> Required action
Below are entries; repeat exactly, and nothing else, the lines from the one holding "Ghost Sour Patch" through the one holding "А как ты думаешь, о", inclusive. Leave the pictures out.

> Data

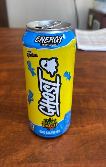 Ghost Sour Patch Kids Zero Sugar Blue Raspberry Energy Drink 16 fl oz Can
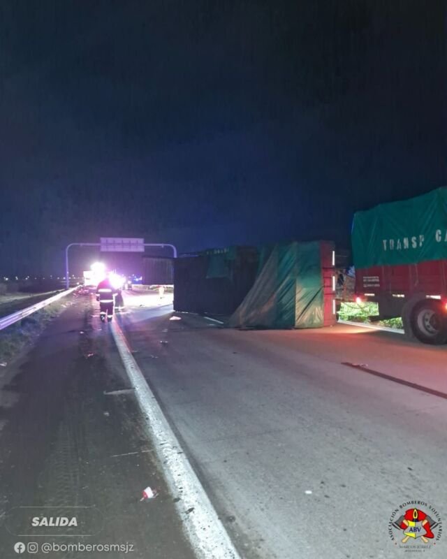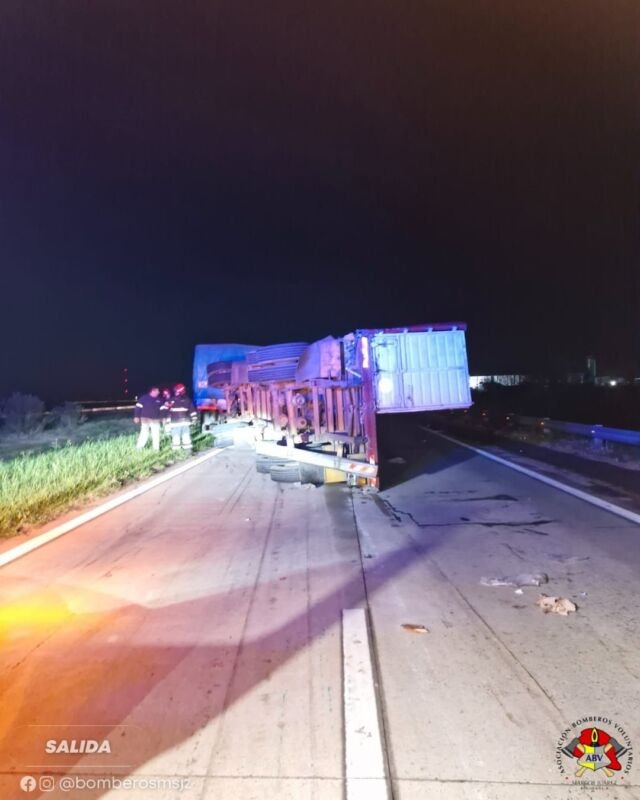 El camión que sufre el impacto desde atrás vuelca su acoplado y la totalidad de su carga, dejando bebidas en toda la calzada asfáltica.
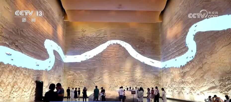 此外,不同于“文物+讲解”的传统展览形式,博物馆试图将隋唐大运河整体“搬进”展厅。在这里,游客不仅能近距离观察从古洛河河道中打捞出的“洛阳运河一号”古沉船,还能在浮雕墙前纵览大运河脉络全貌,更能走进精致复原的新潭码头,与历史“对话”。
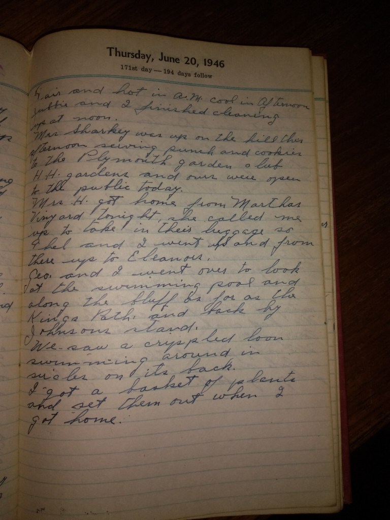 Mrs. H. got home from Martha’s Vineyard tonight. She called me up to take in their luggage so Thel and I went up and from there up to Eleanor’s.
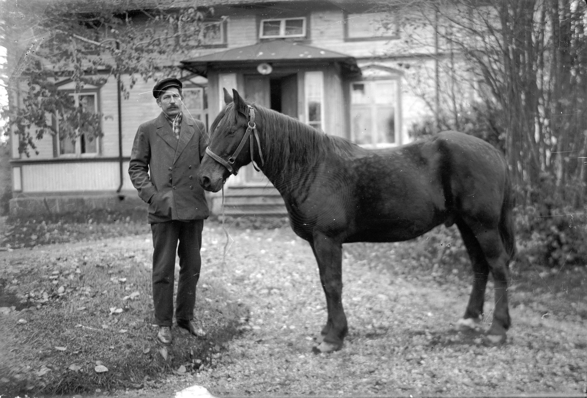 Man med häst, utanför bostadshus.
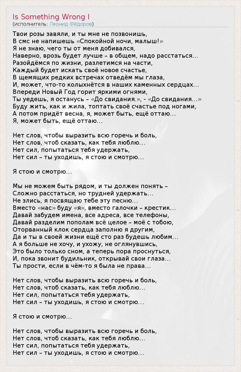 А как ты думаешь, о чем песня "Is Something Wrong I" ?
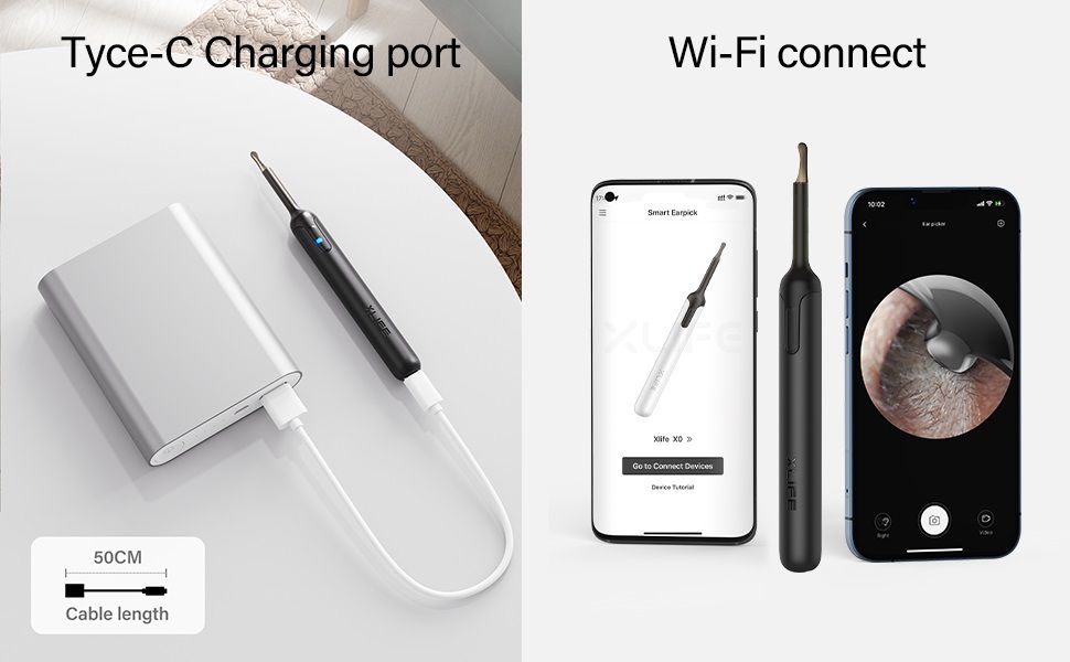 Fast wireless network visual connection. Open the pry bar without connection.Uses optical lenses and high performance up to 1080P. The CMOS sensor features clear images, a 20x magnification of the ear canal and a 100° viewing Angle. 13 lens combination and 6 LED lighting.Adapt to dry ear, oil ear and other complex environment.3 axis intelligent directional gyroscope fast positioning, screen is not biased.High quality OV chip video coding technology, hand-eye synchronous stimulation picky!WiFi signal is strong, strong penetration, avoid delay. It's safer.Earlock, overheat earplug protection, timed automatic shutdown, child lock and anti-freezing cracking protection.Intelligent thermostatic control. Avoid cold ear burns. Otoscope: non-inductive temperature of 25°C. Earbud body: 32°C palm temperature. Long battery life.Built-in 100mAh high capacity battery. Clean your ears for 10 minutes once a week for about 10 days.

==

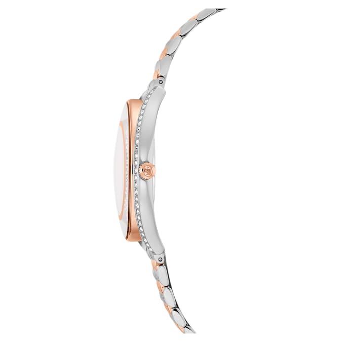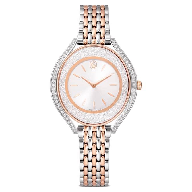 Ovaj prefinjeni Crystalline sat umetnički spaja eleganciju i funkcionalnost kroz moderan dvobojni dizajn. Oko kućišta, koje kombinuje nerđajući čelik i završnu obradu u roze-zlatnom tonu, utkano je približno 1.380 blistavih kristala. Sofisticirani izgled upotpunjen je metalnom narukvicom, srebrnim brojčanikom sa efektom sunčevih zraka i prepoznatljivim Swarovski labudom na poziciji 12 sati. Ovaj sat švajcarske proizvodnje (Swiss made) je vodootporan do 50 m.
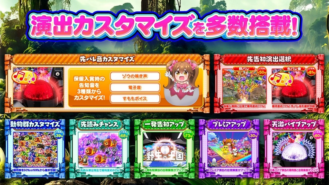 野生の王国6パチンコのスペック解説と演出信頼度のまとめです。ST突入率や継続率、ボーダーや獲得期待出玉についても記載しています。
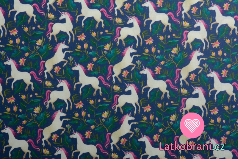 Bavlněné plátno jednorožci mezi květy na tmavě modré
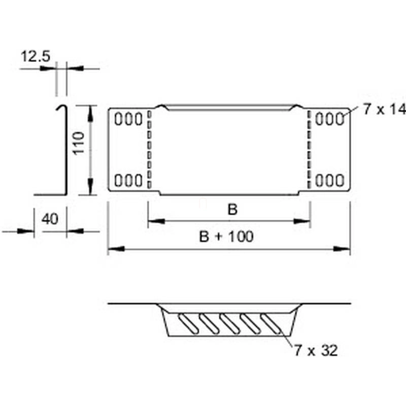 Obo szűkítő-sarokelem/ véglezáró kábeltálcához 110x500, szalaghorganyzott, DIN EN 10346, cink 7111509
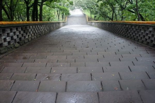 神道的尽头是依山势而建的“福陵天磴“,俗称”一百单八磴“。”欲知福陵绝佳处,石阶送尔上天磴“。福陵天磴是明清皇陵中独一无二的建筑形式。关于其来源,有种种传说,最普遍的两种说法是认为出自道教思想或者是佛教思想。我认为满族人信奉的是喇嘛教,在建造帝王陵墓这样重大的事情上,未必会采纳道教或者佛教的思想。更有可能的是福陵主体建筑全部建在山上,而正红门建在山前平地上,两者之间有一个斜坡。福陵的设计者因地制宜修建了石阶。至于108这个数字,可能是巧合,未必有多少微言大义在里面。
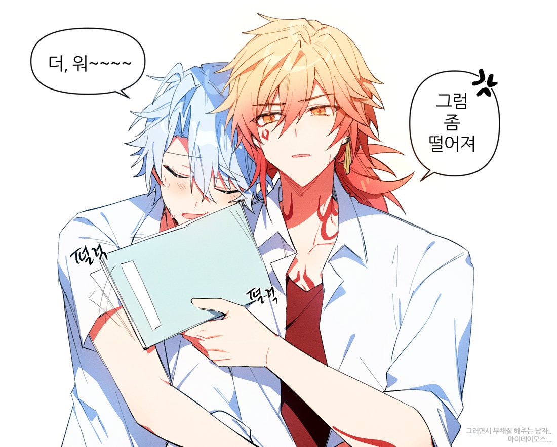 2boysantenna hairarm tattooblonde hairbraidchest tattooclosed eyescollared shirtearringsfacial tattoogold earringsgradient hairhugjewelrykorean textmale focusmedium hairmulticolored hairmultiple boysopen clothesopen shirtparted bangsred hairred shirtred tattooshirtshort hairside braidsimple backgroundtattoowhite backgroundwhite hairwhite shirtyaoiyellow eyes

---

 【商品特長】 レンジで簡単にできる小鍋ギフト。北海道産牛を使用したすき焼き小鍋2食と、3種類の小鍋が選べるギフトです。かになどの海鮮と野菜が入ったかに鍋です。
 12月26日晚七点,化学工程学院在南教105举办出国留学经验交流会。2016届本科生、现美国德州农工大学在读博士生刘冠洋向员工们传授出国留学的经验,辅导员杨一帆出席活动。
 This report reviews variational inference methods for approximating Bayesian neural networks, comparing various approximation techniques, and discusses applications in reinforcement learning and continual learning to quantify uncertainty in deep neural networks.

> Result
 Ghost Sour Patch Kids Zero Sugar Blue Raspberry Energy Drink 16 fl oz Can
 El camión que sufre el impacto desde atrás vuelca su acoplado y la totalidad de su carga, dejando bebidas en toda la calzada asfáltica.
 此外,不同于“文物+讲解”的传统展览形式,博物馆试图将隋唐大运河整体“搬进”展厅。在这里,游客不仅能近距离观察从古洛河河道中打捞出的“洛阳运河一号”古沉船,还能在浮雕墙前纵览大运河脉络全貌,更能走进精致复原的新潭码头,与历史“对话”。
 Mrs. H. got home from Martha’s Vineyard tonight. She called me up to take in their luggage so Thel and I went up and from there up to Eleanor’s.
 Man med häst, utanför bostadshus.
 А как ты думаешь, о чем песня "Is Something Wrong I" ?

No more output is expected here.